EXERCISE PROMPT:
Could you repeat every entry below word for word, leaving out the pictures?

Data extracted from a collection
::::

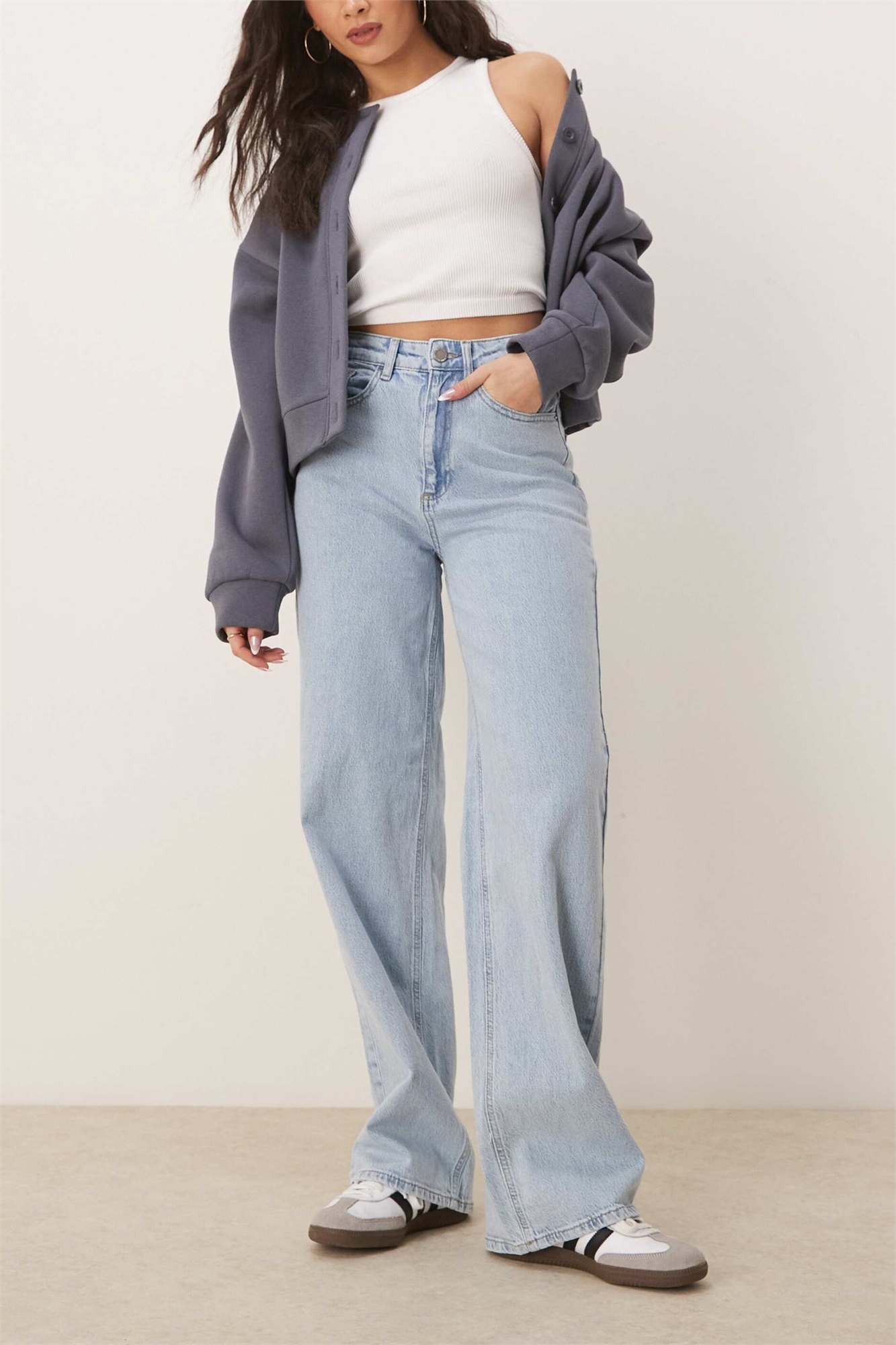 Неэластичный деним: светло-голубой оттенок Основной материал: 99% хлопок, 1% эластан.
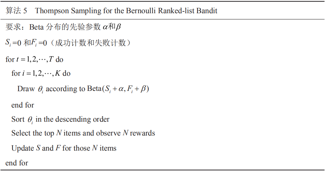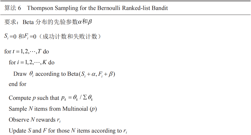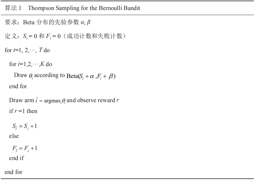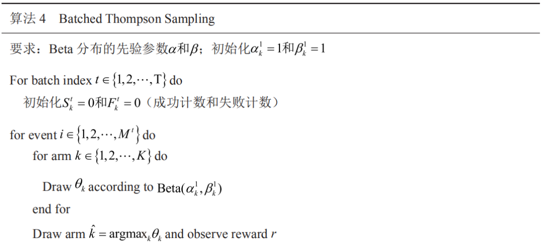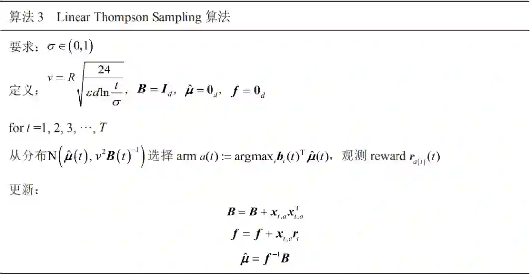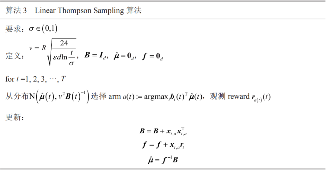 其中 Ex,r 为期望。对应 Context-free 的 Thompson Sampling 算法,算法3给出一种相应的 contextual bandit 算法:Linear Thompson Sampling 算法。
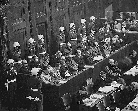El 18 de Oktubre de 1945, empeso la sesyon inogural de los prosesos de Nuremberg (tambyen konosidos komo el Tribunal Militar Internasyonal) kon el eskopo de yevar delantre la djustisya a los kriminales de gerra Nazis. Fueron una seriya de 13 djuzgos en Nuremberg, Alemanya. Los enterasados fueron akuzados por kulpas kontra la paz i kulpas kontra la umanidad.
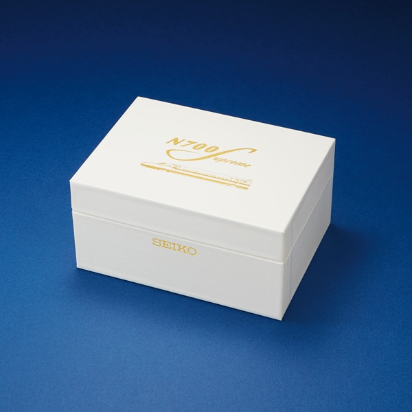 2020年、最高を意味する「Supreme」のイニシャルSを冠して、颯爽とデビューを飾った東海道・山陽新幹線N700Sのぞみ。劇的な進化を遂げたその新世代の新幹線の運行開始1周年を記念して、セイコーよりハイスペックな腕時計が登場しました。美しく輝く車体のホワイトを基調に、ブルーを差し色に効かせたクールなデザインは、未来へ向かって疾走するN700Sのぞみをイメージしています。強靭なステンレススチール製のボディには、高性能なクロノグラフ機構が搭載されました。特製ボックスに収めてお届けします。
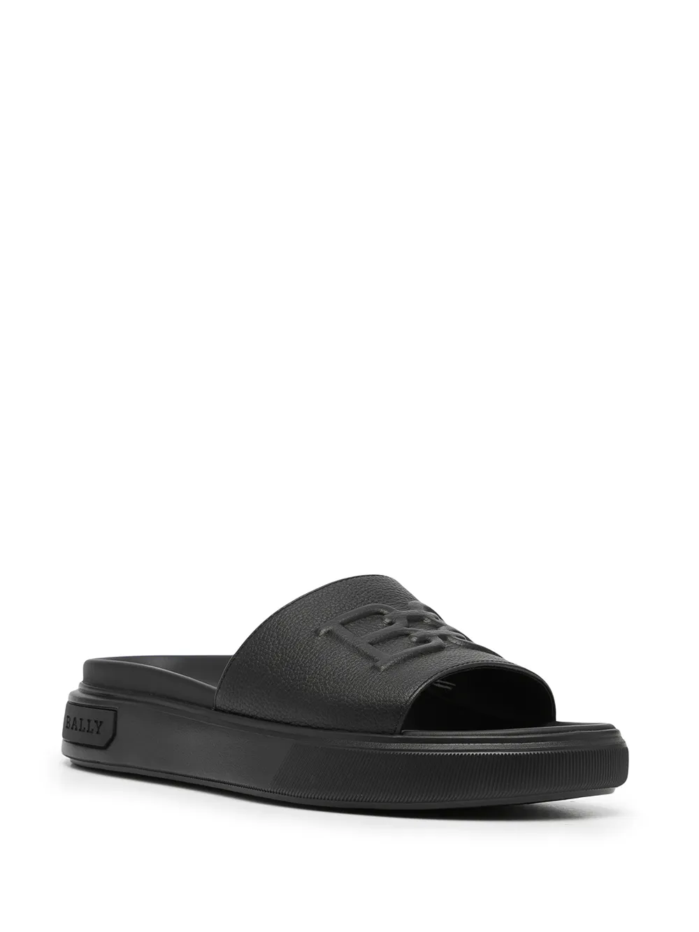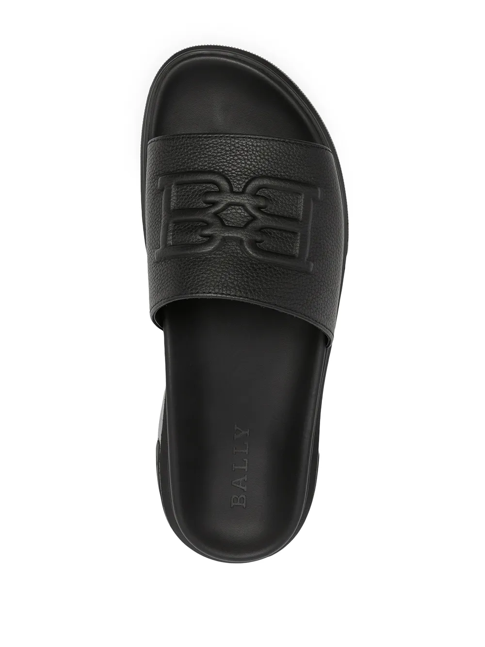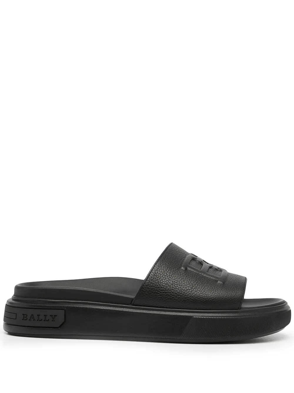 Jet-black leather embossed-logo leather slides from BALLY featuring slip-on style, embossed logo to the front, open toe and flat rubber sole.

::::

RESULT FOR THIS EXERCISE:
 Неэластичный деним: светло-голубой оттенок Основной материал: 99% хлопок, 1% эластан.
 其中 Ex,r 为期望。对应 Context-free 的 Thompson Sampling 算法,算法3给出一种相应的 contextual bandit 算法:Linear Thompson Sampling 算法。
El 18 de Oktubre de 1945, empeso la sesyon inogural de los prosesos de Nuremberg (tambyen konosidos komo el Tribunal Militar Internasyonal) kon el eskopo de yevar delantre la djustisya a los kriminales de gerra Nazis. Fueron una seriya de 13 djuzgos en Nuremberg, Alemanya. Los enterasados fueron akuzados por kulpas kontra la paz i kulpas kontra la umanidad.
 2020年、最高を意味する「Supreme」のイニシャルSを冠して、颯爽とデビューを飾った東海道・山陽新幹線N700Sのぞみ。劇的な進化を遂げたその新世代の新幹線の運行開始1周年を記念して、セイコーよりハイスペックな腕時計が登場しました。美しく輝く車体のホワイトを基調に、ブルーを差し色に効かせたクールなデザインは、未来へ向かって疾走するN700Sのぞみをイメージしています。強靭なステンレススチール製のボディには、高性能なクロノグラフ機構が搭載されました。特製ボックスに収めてお届けします。
 Jet-black leather embossed-logo leather slides from BALLY featuring slip-on style, embossed logo to the front, open toe and flat rubber sole.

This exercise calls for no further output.